Local anesthetics block the conduction of impulses in electrically excitable tissues (Lin Y, Liu SS. In: Barash PG, Cullen BF, Stoelting RK, Cahalan MK, Ortega R, Stock MC, eds. Clinical Anesthesia. Philadelphia: Lippincott Williams & Wilkins; 2013:561–580). One of the important uses of local anesthetics is to provide anesthesia and analgesia by blocking the transmission of pain sensation along nerve fibers.

I. Mechanism of Action of Local Anesthetics

Anatomy of Nerves
- Nerves in both the central nervous system (CNS) and peripheral nervous system are differentiated by the presence or absence of a myelin sheath that is interrupted at short intervals by specialized regions called nodes of Ranvier.
- Nerve fibers are commonly classified according to their size, conduction velocity, and function (Table 21-1).
Electrophysiology of Neural Conduction and Voltage-Gated Sodium Channels
- Transmission of electrical impulses along cell membranes is the basis of signal transduction. Energy necessary for the propagation and maintenance of the electric potential is maintained on the cell surface by ionic disequilibria across the permeable cell membrane. The resting membrane potential (about −60 to −70 mV) is predominantly attributable to a difference in the intracellular and extracellular concentrations of potassium and sodium ions.
- The flow of ions responsible for action potentials is mediated by a variety of channels and pumps, the most important of which are the voltage-gated sodium channels. (Nine isoforms of voltage-gated sodium channels have been identified.)
Molecular Mechanisms of Local Anesthetics
- It is widely accepted that local anesthetics induce anesthesia and analgesia through direct interactions with the sodium channels. (They reversibly bind the intracellular portion of voltage-gated sodium channels.)
- Application of local anesthetics typically produces a concentration-dependent decrease in the peak sodium current.
Mechanism of Nerve Blockade
- Local anesthetics block peripheral nerves by disrupting the transmission of action potentials along nerve fibers. Only about 1% to 2% of the injected local anesthetics ultimately penetrate into the nerve to reach the site of action (voltage-gated sodium channels).
- The degree of nerve blockade depends on the local anesthetic’s concentration and volume (needed to suppress the regeneration of nerve impulses over a critical length of nerve fiber).
- Not all sensory and motor modalities are equally blocked by local anesthetics (sequential disappearance of temperature sensation, proprioception, motor function, sharp pain, and last light touch). This differential blockade had been thought to be simply related to the diameter of the nerve fiber (smaller fibers are inherently more susceptible to drug blockade than large fibers), but this does not appear to be universally true. In this regard, small nerve fibers require a shorter length (<1 cm)
  exposed to local anesthetic for block to occur than do large fibers.

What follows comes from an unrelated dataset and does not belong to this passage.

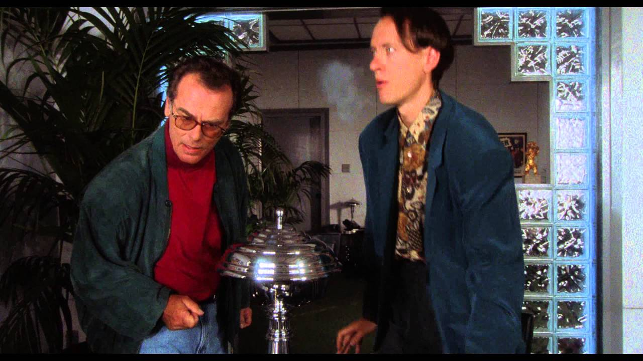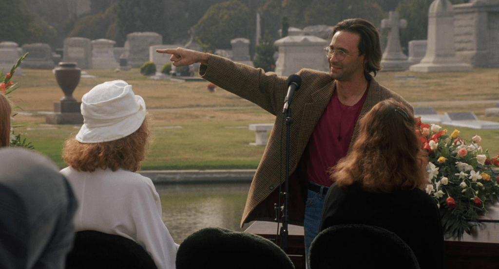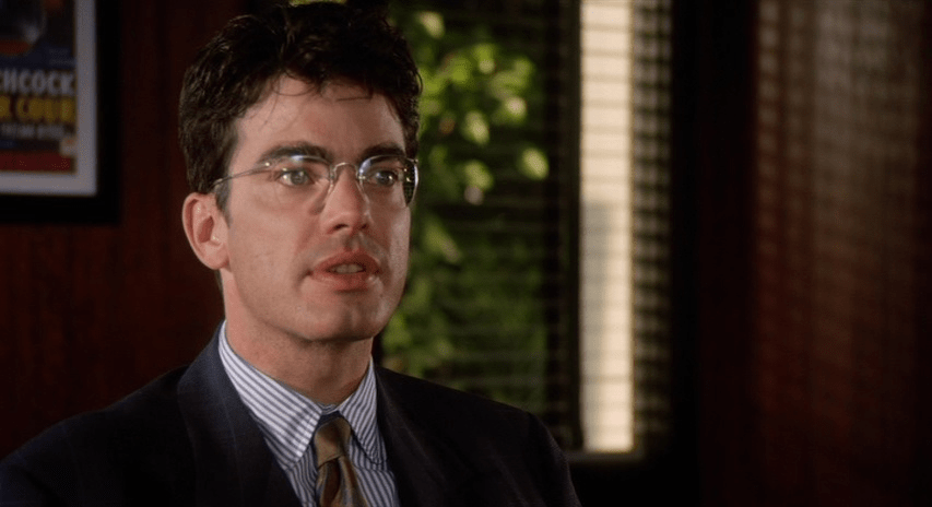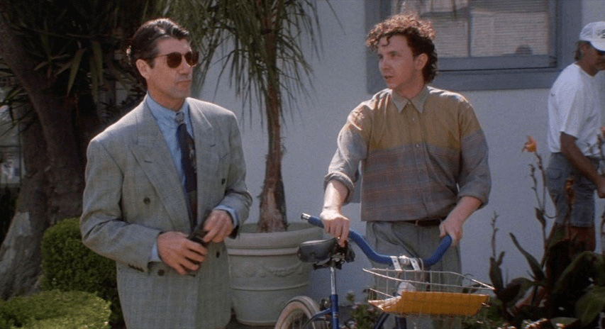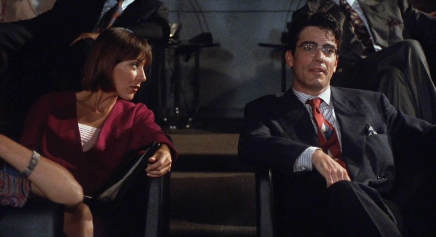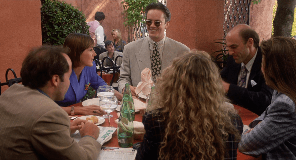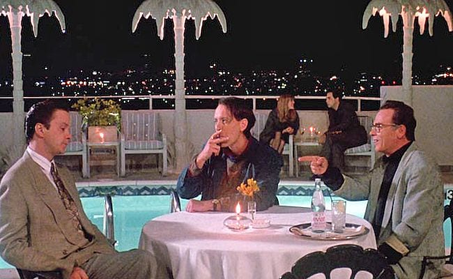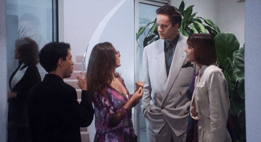 Everyone in the film is dressed pretty well, which makes sense considering its full of well-to-do execs, aspiring writers, and famous actors (playing themselves). All of the execs have the Yuppie/corporate look in spades, donning long slouchy DBs, foulard ties, striped shirts, and slick hair. It’s quite a contrast to how suits are worn today in pop culture, many of which are vibrant and very slim fit.

Table 21-1 Classification of Nerve Fibers

Classification	Diameter (μ)	Myelin	Conduction (m/sec)	Location	Function
A-α	6–22	+	30–120	Afferents/ efferents for muscles and joints	Motor
A-β					Proprioception
A-γ	3–6	+	15–35	Efferent to muscle spindle	Muscle tone
A-δ	1–4	+	5–25	Afferent sensory nerve	Pain, touch, temperature
A
B	<3	+	3–15	Preganglionic sympathetic	Autonomic function
C	0.3–1.3	−	0.7–1.3	Postganglionic sympathetic	Autonomic function
				Afferent sensory nerve	Pain, temperature

II. Pharmacology and Pharmacodynamics

Chemical Properties and Relationship to Activity and Potency
- Most clinically relevant local anesthetics are made up of a lipid-soluble, aromatic benzene ring connected to an amide group via either an amide or ester moiety.
- The type of linkage divides the local anesthetics into aminoesters (metabolized in the liver or by plasma cholinesterase) and aminoamides (metabolized in the liver).
- All clinically used local anesthetics are weak bases that can exist as either the lipid-soluble, neutral form or as the charged, hydrophilic form. The combination of pH and pKa of the local anesthetic determines how much of the compound exists in each form (Table 21-2).
- A ratio with high concentration of the lipid-soluble form favors entry into cells because the main pathway for entry is by passive absorption of lipid-soluble form through the cell membrane. Clinically, alkalization of the anesthetic solution increases the ratio of the
  lipid-soluble form to the cationic form, thereby facilitating drug entry.
- Anesthetic activity and potency are affected by the stereochemistry of local anesthetics.
  - Ropivacaine and levo-bupivacaine are single enantiomers that were initially developed as less cardiotoxic alternatives to bupivacaine.
  - The desired improvement in the safety index seems to be present, but it comes at the expense of a slight decrease in potency and shorter duration of action compared with the racemic mixtures.
Additives to Increase Local Anesthetic Activity (Table 21-3)
- Epinephrine added to the local anesthetic solution may prolong the local anesthetic block, increase the intensity of the block and decrease systemic absorption of the local anesthetic.
  - Vasoconstrictive effects produced by epinephrine augment local anesthetics by antagonizing inherent vasodilating effects of local anesthetics, thus decreasing systemic absorption and intraneural clearance,
    and perhaps by redistribution of intraneural local anesthetic.
  - Analgesic effects of epinephrine via interaction with α₂-adrenergic receptors in the spinal cord and brain may play a role in the effects of epinephrine added to the local anesthetic solution.
  - The effectiveness of epinephrine depends on the local anesthetic administered, the type of regional block performed, and the amount of epinephrine added to the local anesthetic solution.
- Opioids (especially buprenorphine) added to the local anesthetic solution placed into the epidural or subarachnoid space result in synergistic analgesia and anesthesia without increasing the risk of toxicity.
- α₂-Adrenergic agonists such as clonidine produce synergistic analgesia via supraspinal and spinal adrenergic receptors. Clonidine also has direct inhibitory effects on peripheral nerve conduction (A and C nerve fibers).
- Steroids. Combined with intermediate- to long-acting local anesthetics, dexamethasone extends the duration of analgesia by approximately 50% after utilization of the supraclavicular or interscalene approach for brachial plexus block (Fig. 21-1).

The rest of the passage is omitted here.